After completing the drilling of the first two wells this year, Dragon Oil is charging ahead with its 2010 Turkmenistan drilling programme. The first two wells, both located on the Cheleken contract area in the beautiful Caspian Sea, have been completely drilled. Initial testing has also begun on these two wells, named the Dzheitune A/142 and 13/143. The first well, the A/142, was drilled by the Iran Khazar rig to a depth of 3,961 metres. This well underwent extensive initial testing at a rate of 2,103 barrels of oil per day. The other well that has been completely drilled, the Dzheitune 13/143, was drilled down 3,450 metres and tested at a rate of 2,168 barrels of oil per day. It is expected that further testing will be administered in the near future.

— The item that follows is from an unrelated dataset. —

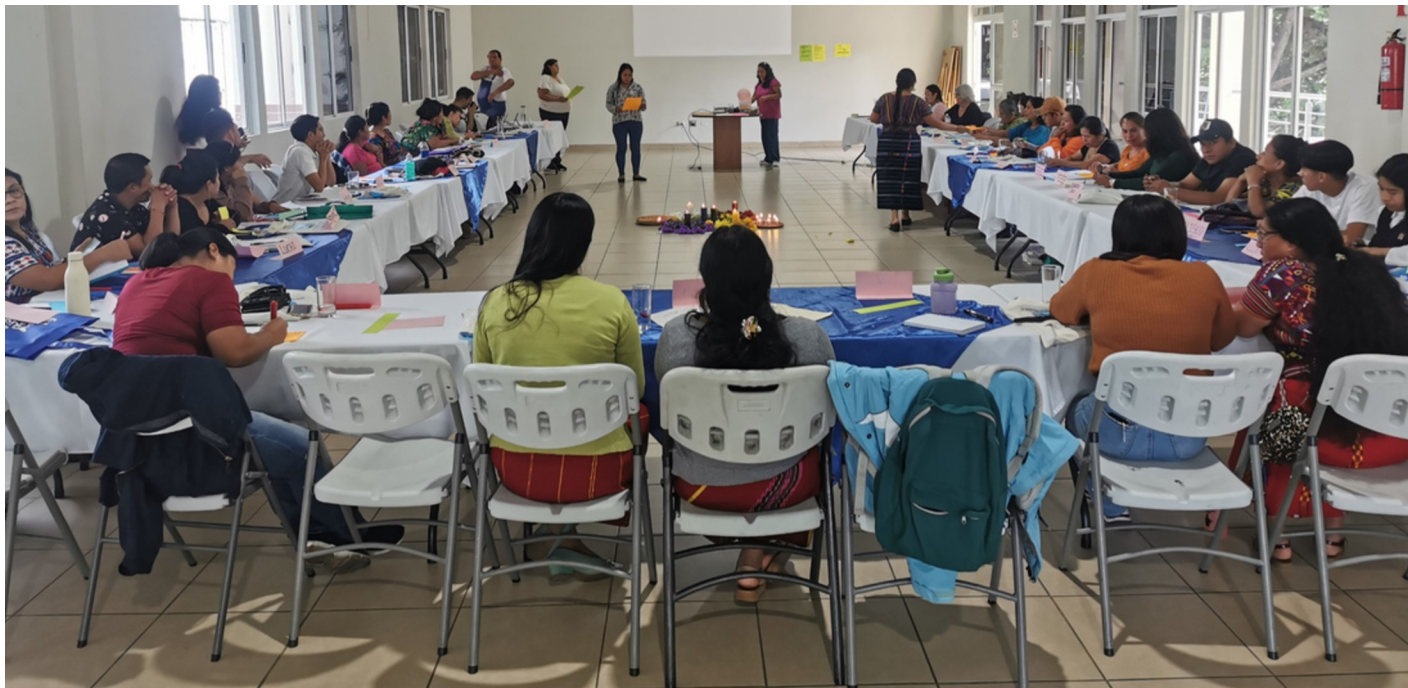
Knowledge Exchange Academy, June 4, 2025, Guatemala City.

These two wells are the first of eleven wells that are scheduled to be drilled during the 2010 year. Dragon Oil’s aim in drilling these additional wells is to secure a growth in their production of oil of at least 15 percent. The company, which is headquartered in the country of Dubai, is confident that it will be able to meet it’s committed production growth target with the addition of these eleven new wells.
The Khazar rig used to dig the A/142 well will next be completing a workover of a well located on the same platform as these first two wells. Another drilling rig, Rig 40, which was used to drill the second of the new wells, will begin to dig the Dzheitune 13/144 well in the coming months.
In response to the announcement concerning these newly drilled wells, Dragon Oil’s shares dipped 2.50p to land at 478.50p. Well, I thought it was good news! Perhaps someone thought it was not good enough.